L’Agence assure le secrétariat de toutes les instances de la Francophonie. Elle déploie son activité multilatérale dans les domaines de l’éducation et de la formation, de la culture et de la communication, de la coopération juridique et judiciaire, de diverses actions au titre de la direction générale du développement et de la solidarité.

Outre son siège, situé à Paris, l’Agence dispose d’une École internationale de la Francophonie à Bordeaux (France) où est située sa direction générale Education-Formation, d’un Institut de l’énergie des pays ayant en commun l’usage du français (IEPF) à Québec (Canada), d’un Bureau de liaison avec les organisations internationales à Genève (Suisse), d’un Bureau permanent d’observation aux Nations unies à New York aux Etats-Unis, d’un Bureau régional de l’Afrique de l’Ouest à Lomé (Togo), d’un Bureau régional de l’Afrique centrale à Libreville (Gabon), d’un Bureau régional pour l’Asie-Pacifique à Hanoi (Viêt-nam).

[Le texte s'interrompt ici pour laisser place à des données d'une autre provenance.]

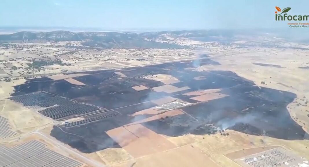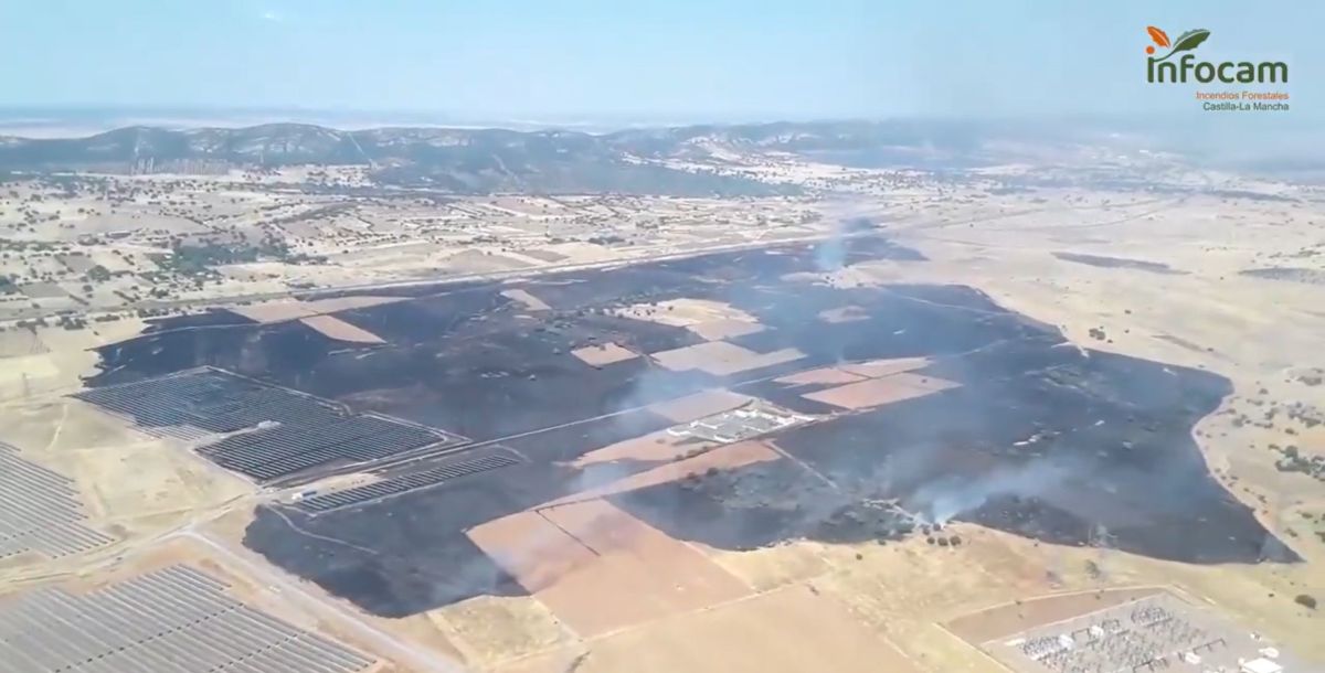 El incendio originado este lunes en la localidad ciudadrealeña de Brazatortas y que llegaba a interrumpir la circulación ferroviaria entre Puertollano y Venta de la Inés, afectando a la línea de alta velocidad entre Madrid y Andalucía, ha quedado extinguido.
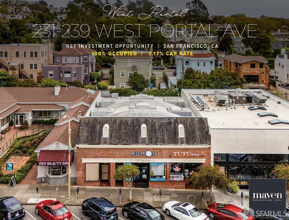 231-239 West Portal Avenue presents a rare opportunity to acquire a fully leased commercial asset in one of San Francisco's most established neighborhood corridors. The 5,200 SF two-story property features three ground-floor retail suites plus an upper-level retail/office space with abundant natural light and 50 feet of prime street frontage. Currently 100% occupied with leases extending through 2035, the asset provides stable long-term cash flow with minimal rollover risk. In-place income totals $261,036 annually, reflecting a strong 7.17% cap rate. The tenant mix includes Mighty Pilates, which occupies both the ground floor and second level; Kumon Math & Reading Center, a global educational operator; and TuTu School, a boutique ballet school franchise. Tenants benefit from long-term leases with annual rent escalations and expense reimbursements, further supporting consistent net operating income. Positioned adjacent to the West Portal Muni Metro Station, the property sits in a high-barrier-to-entry market with strong demographics, daily foot traffic, and loyal neighborhood patrons. This combination of credit tenancy, durable income, and irreplaceable location makes 231-239 West Portal Avenue an attractive investment for buyers seeking secure yield on San Francisco's west side.
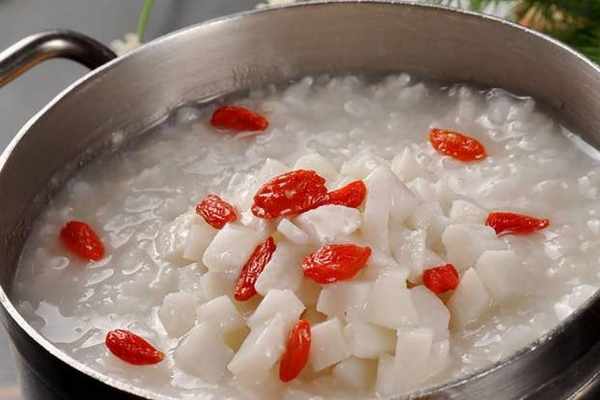 做法:準備鐵棍山藥一根,洗幹凈去皮,切成小段,直接放入湯鍋或者砂鍋中,除此以外,還要加入枸杞一把、糯米半勺、大米半勺、冰糖一把,如果傢裡有大棗的話,最好加入一把大棗,女士吃瞭可以補血補鐵,效果特別好。
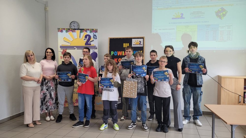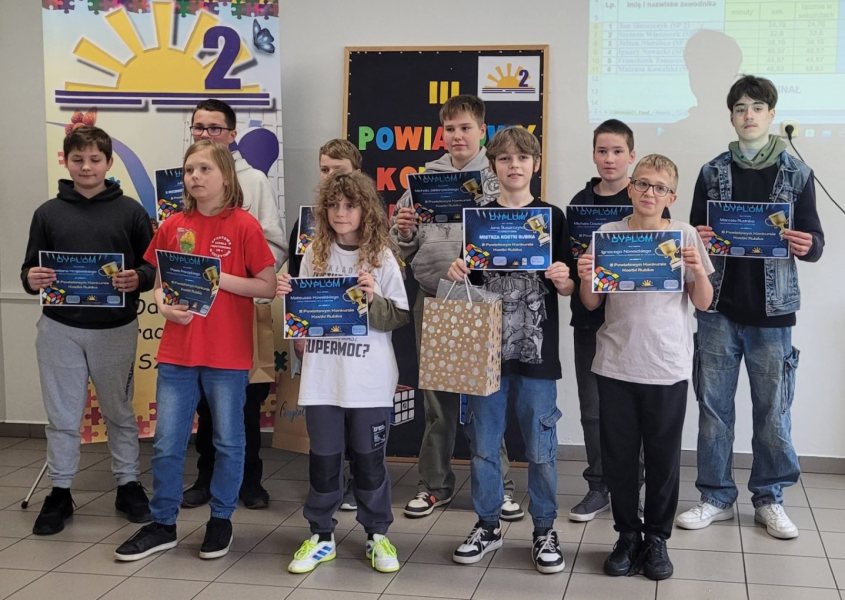 Jan Ślusarczyk z SPzOI nr 2 w Szczytnie został bezkonkurencyjnym zwycięzcą III Powiatowego Konkursu Kostki Rubika, ustanawiając nowy rekord – 18,35 sekundy! Tuż za nim uplasowali się Szymon Wieczorek i Julian Nieróbca ze Szkoły Podstawowej nr 6.
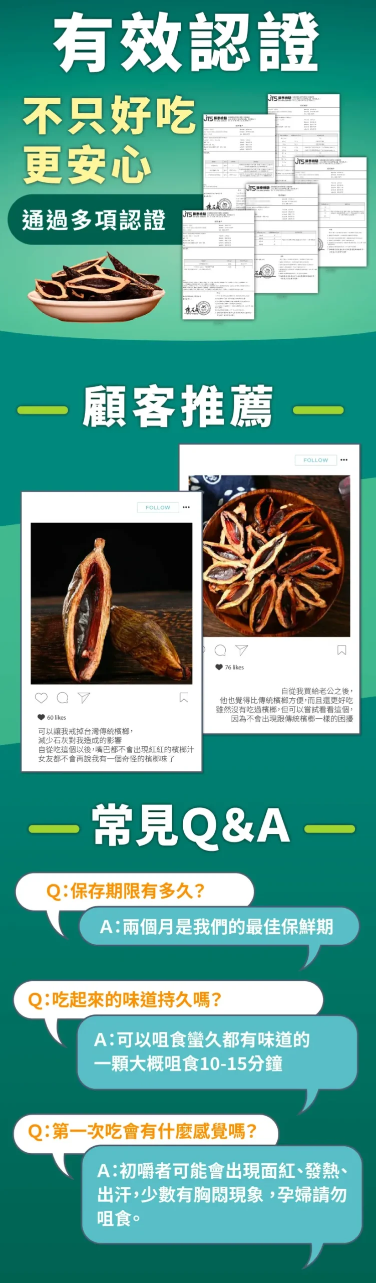 消費須知:開袋取出檳榔乾咀嚼,咀嚼後檳榔渣切勿吞嚥!
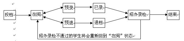 投档后,所有本批次投档本校的学生处于“在阅”状态,这时学生可从“在阅”状态进入“预录”或“拟退”状态,或从“预录”或“预退”状态回到“在阅”状态,“预录”或“预退”状态的学生可以进入“已录”或“退档”状态,但“已录”和“退档”状态不能再回到“预录”或“预退”状态。
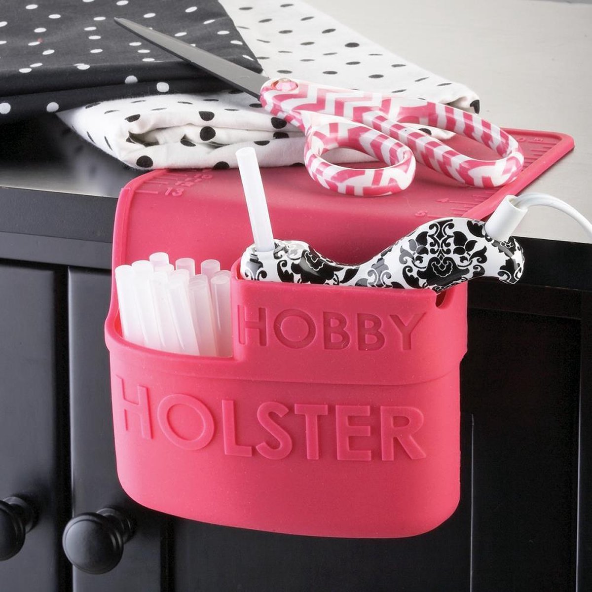 Een siliconen houder voor uw materiaal. Houdt zich vast aan elke gladde oppervlakte en is hittebestendig (tot 120°Celcius). Kleuren: groen, blauw, roze
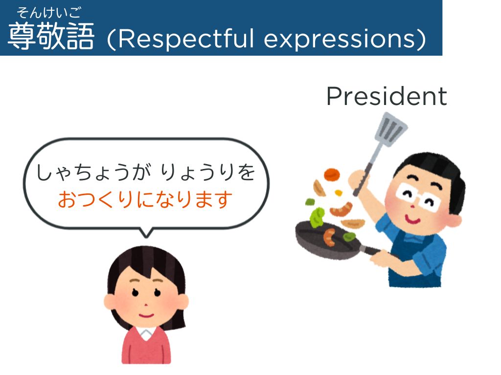 49課では尊敬語を勉強しました。「尊敬語」は自分より偉い人がすることについて話します。
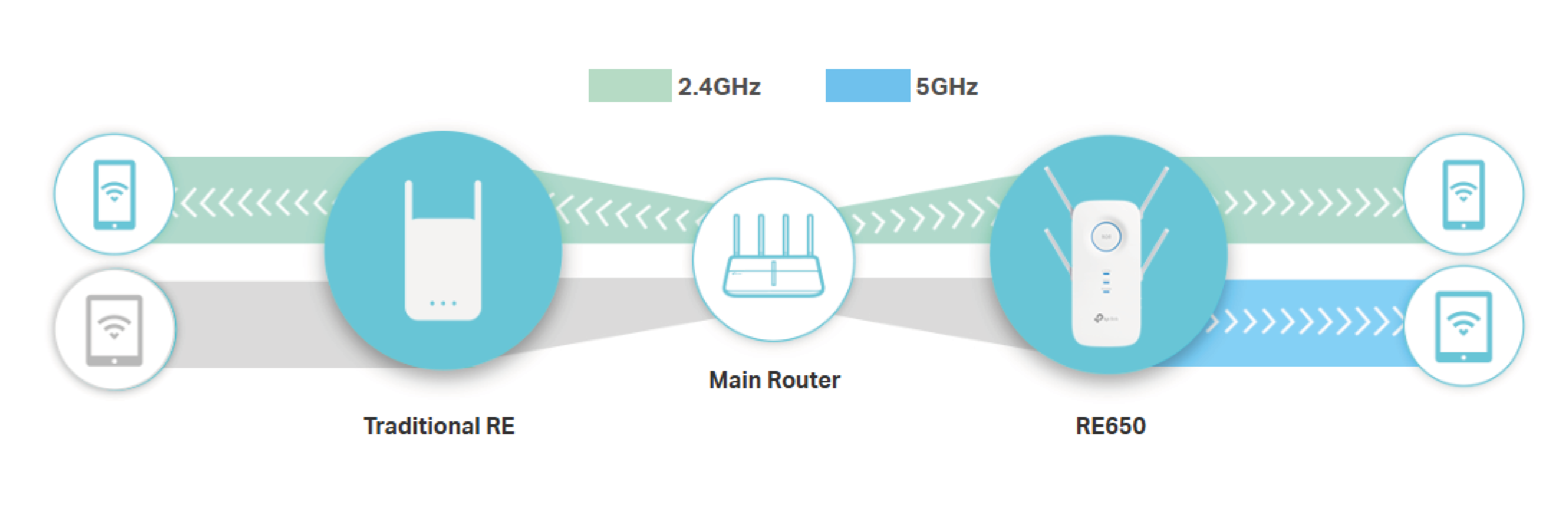 Jeżeli jedno z pasm routera utraci nagle połączenie, lub w przypadku gdy router główny jest urządzeniem jednopasmowym, RE650 zapewni klientom stabilne połączenia w dwóch pasmach, a Tobie niczym niezakłócone działania na wszystkich urządzeniach.
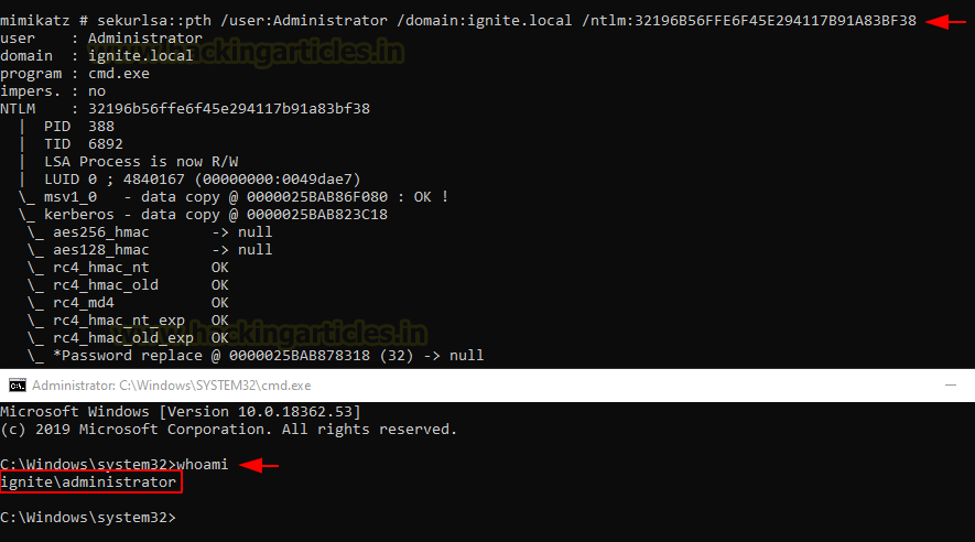 privilege::debug sekurlsa::pth /user:Administrator /domain:ignite.local /ntlm:32196B56FFE6F45E294117B91A83BF38
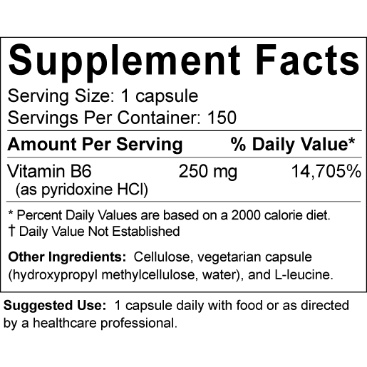 Vitamin B6, also known as pyridoxine, helps with brain function, helps the body convert protein to energy, and plays a role in the production of some hormones and neurotransmitters. Research has shown that vitamin B6 works with folic acid and B12 to reduce levels of homocysteine (an amino acid) in the blood.Â
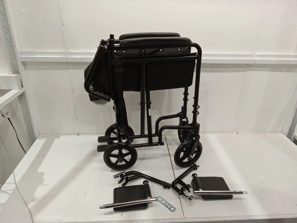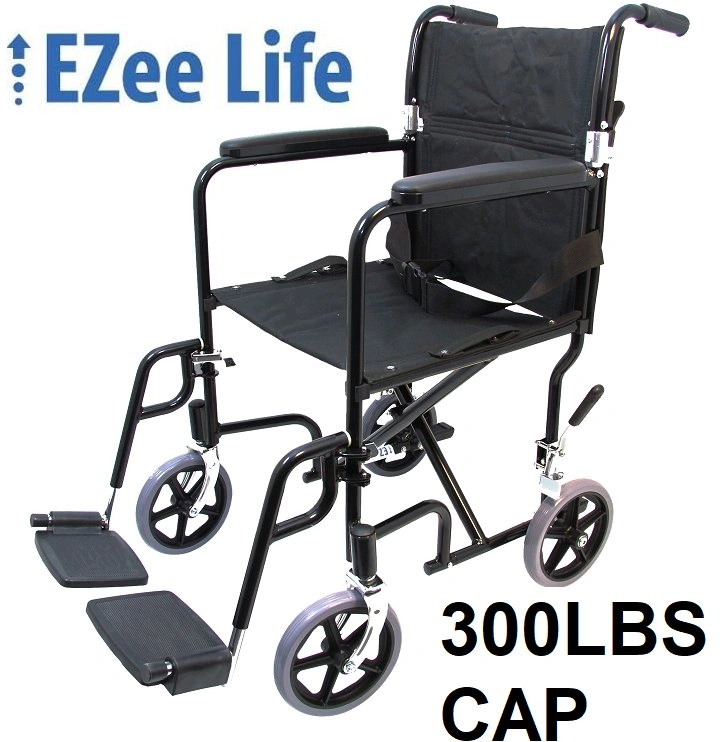 This Ezee Life transport chair is in new condition. It's a 19-inch model with a 300lbs capacity, perfect for easy and safe mobility. The chair folds for convenient storage and transport. It's lightweight yet sturdy, making it an ideal aid for getting around. * 19-inch seat width * 300lbs weight capacity * Folds for storage * Lightweight design It's ready to roll and assist you or your loved ones. If you see this ad, the transport chair is still available!

L’ACCT regroupe 46 pays ou gouvernements: Bénin, Bulgarie, Burkina-Faso, Burundi, Cambodge, Cameroun, Canada, Canada- Nouveau-Bunswick, Canada-Québec, Centrafrique, Communauté française de Belgique, Comores, Congo, Côte-d’Ivoire, Djibouti, Dominique, Egypte, France, Gabon, Guinée, Guinée-Bissau, Guinée équatoriale, Haïti, Laos, Liban, Luxembourg, Madagascar, Mali, Maroc, Maurice, Mauritanie, Moldavie, Monaco, Niger, Roumanie, Rwanda, Sainte-Lucie, Sénégal, Seychelles, Suisse, Tchad, Togo, Tunisie, Vanuatu, Viêt-nam, Zaïre.

[Le Royaume de Belgique, le Cap-Vert et Saint-Thomas-et-Prince portent à 49 le nombre des pays et gouvernements participant aux Sommets.]